▶ **TASK DIRECTIONS**: Write out the data exactly as given, dropping every picture.

─── DATA BELOW ───

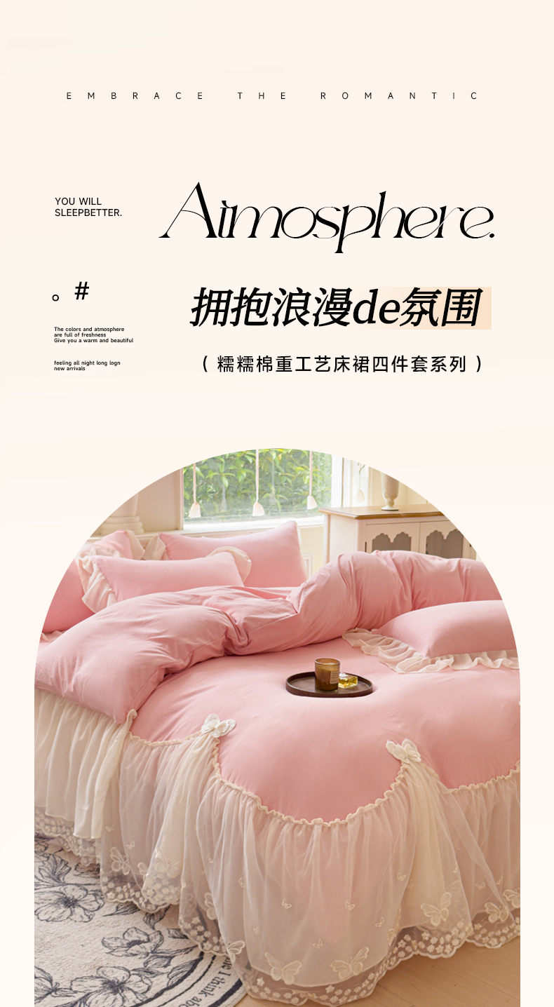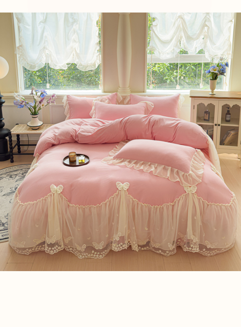 (总)睡美人 2026新款锦棉糯糯棉韩版蕾丝公主款双层纱被套床裙四件套-翩翩起舞
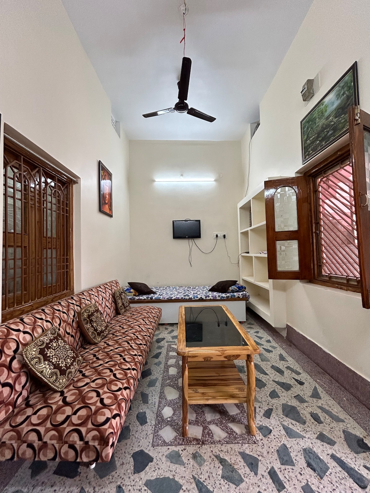 Welcome to our home! We’ve poured our hearts into making this 1BHK sanctuary a place where you can truly exhale. Located in the city center—just 10-15 minutes from everywhere you need to be—it’s designed to be your quiet "home away from home." You’ll love the lotus murals, hand painted artworks and the cozy, sun-drenched corners that give the space its soul. You will also get access to terrace. It’s simple, personal, and ready for your arrival. We can’t wait to host you in our humble abode!
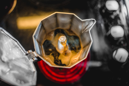 Coffee Moka for Italian espresso. Prepairing breakfast drink. Closeup Traditional Isolated moka at home. Shallow depth of field . High quality photo

───

▶ **RESULT OF THE TASK**:
 (总)睡美人 2026新款锦棉糯糯棉韩版蕾丝公主款双层纱被套床裙四件套-翩翩起舞
 Welcome to our home! We’ve poured our hearts into making this 1BHK sanctuary a place where you can truly exhale. Located in the city center—just 10-15 minutes from everywhere you need to be—it’s designed to be your quiet "home away from home." You’ll love the lotus murals, hand painted artworks and the cozy, sun-drenched corners that give the space its soul. You will also get access to terrace. It’s simple, personal, and ready for your arrival. We can’t wait to host you in our humble abode!
 Coffee Moka for Italian espresso. Prepairing breakfast drink. Closeup Traditional Isolated moka at home. Shallow depth of field . High quality photo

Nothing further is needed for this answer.